### Problem to solve
The part below that opens with the line containing "all towing applications." and closes with the line containing "迎賓水果與瓶裝水,還有咖啡茶包一應俱全" should be copied exactly, minus any pictures.

### Data shown
......
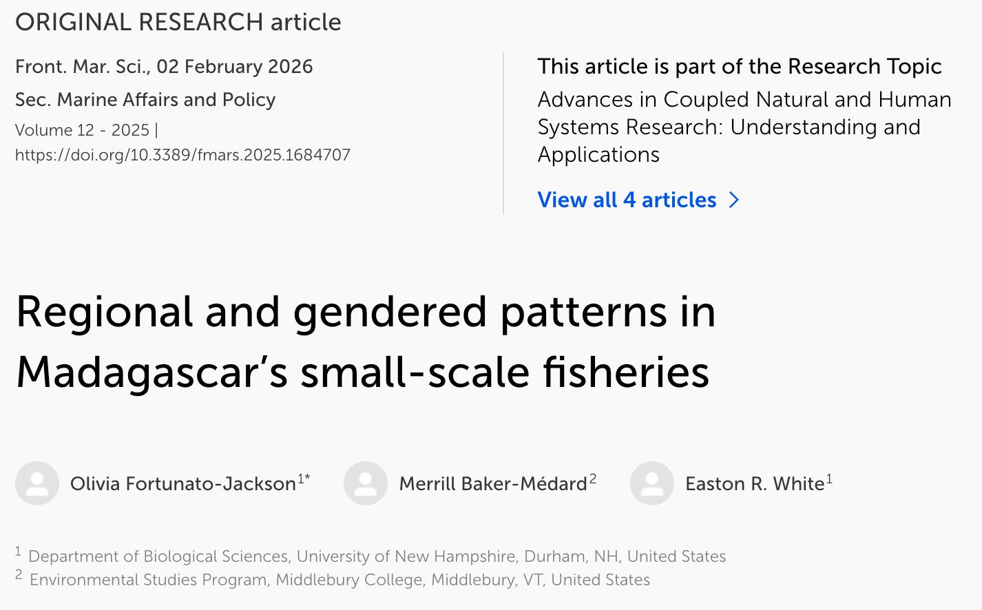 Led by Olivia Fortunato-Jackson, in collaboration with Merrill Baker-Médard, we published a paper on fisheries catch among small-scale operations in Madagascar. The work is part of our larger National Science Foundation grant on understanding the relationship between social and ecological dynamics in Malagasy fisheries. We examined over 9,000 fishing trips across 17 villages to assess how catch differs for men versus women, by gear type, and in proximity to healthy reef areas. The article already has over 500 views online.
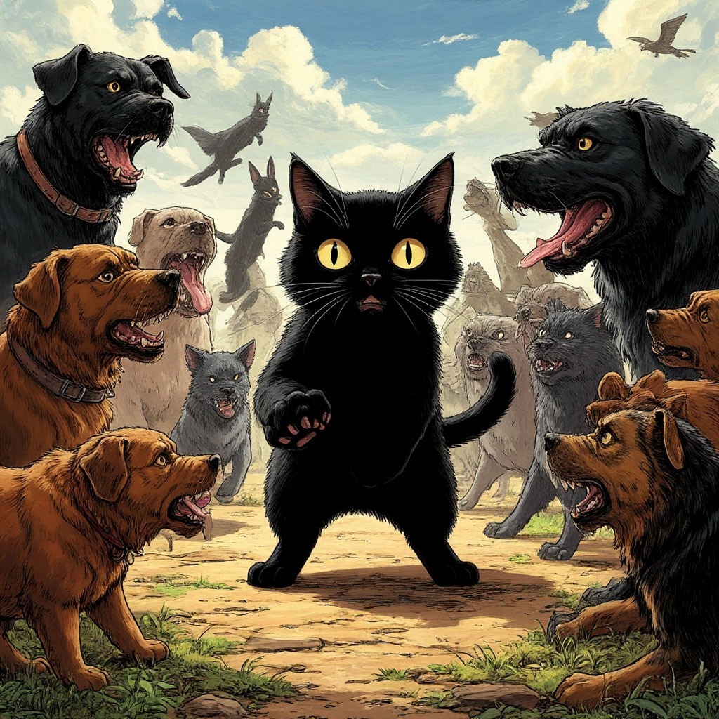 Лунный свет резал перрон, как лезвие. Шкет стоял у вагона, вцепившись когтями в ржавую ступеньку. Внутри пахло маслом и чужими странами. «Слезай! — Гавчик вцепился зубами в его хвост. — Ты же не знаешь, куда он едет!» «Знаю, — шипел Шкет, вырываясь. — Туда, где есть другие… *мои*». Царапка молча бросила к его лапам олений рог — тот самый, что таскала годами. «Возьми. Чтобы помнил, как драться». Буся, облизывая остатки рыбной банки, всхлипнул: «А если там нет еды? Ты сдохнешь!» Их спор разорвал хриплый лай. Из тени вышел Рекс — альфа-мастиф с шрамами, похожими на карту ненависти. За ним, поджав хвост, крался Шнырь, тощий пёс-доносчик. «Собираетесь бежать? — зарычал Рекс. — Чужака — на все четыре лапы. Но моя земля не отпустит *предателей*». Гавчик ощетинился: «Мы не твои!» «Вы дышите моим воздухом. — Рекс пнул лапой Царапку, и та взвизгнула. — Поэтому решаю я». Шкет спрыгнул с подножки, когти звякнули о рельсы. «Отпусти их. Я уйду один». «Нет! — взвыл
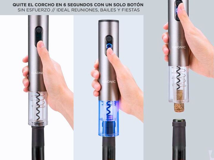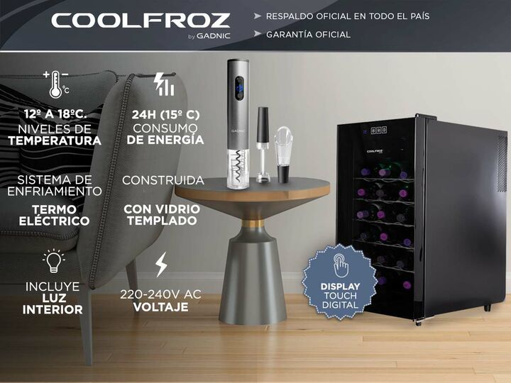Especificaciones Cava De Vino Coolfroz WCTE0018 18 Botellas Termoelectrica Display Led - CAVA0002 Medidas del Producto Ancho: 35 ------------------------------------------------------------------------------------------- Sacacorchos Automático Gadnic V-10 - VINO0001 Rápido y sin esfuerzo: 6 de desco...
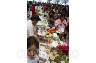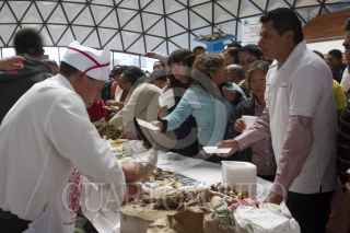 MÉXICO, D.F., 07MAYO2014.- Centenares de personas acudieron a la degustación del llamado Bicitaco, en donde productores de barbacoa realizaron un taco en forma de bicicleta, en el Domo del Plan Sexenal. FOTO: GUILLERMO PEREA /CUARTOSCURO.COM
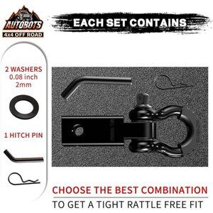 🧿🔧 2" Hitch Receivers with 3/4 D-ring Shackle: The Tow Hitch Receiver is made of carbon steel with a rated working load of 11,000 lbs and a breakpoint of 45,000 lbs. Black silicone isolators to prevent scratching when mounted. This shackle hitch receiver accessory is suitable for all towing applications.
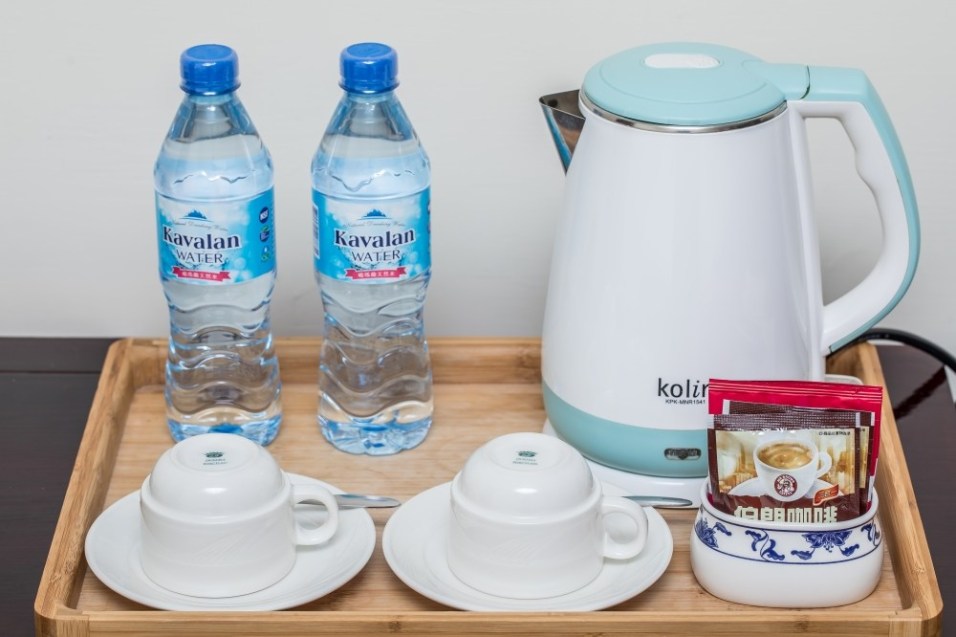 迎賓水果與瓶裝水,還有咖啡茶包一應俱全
......
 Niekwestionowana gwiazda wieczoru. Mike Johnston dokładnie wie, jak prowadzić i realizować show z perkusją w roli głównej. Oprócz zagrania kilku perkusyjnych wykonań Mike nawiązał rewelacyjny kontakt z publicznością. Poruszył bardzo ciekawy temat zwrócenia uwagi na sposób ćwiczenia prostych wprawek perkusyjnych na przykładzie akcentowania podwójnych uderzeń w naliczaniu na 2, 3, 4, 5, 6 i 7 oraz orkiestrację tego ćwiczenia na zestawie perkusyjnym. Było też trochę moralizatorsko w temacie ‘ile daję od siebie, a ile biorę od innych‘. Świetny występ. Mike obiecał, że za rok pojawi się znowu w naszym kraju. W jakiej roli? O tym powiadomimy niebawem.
......
### Written solution
 🧿🔧 2" Hitch Receivers with 3/4 D-ring Shackle: The Tow Hitch Receiver is made of carbon steel with a rated working load of 11,000 lbs and a breakpoint of 45,000 lbs. Black silicone isolators to prevent scratching when mounted. This shackle hitch receiver accessory is suitable for all towing applications.
 迎賓水果與瓶裝水,還有咖啡茶包一應俱全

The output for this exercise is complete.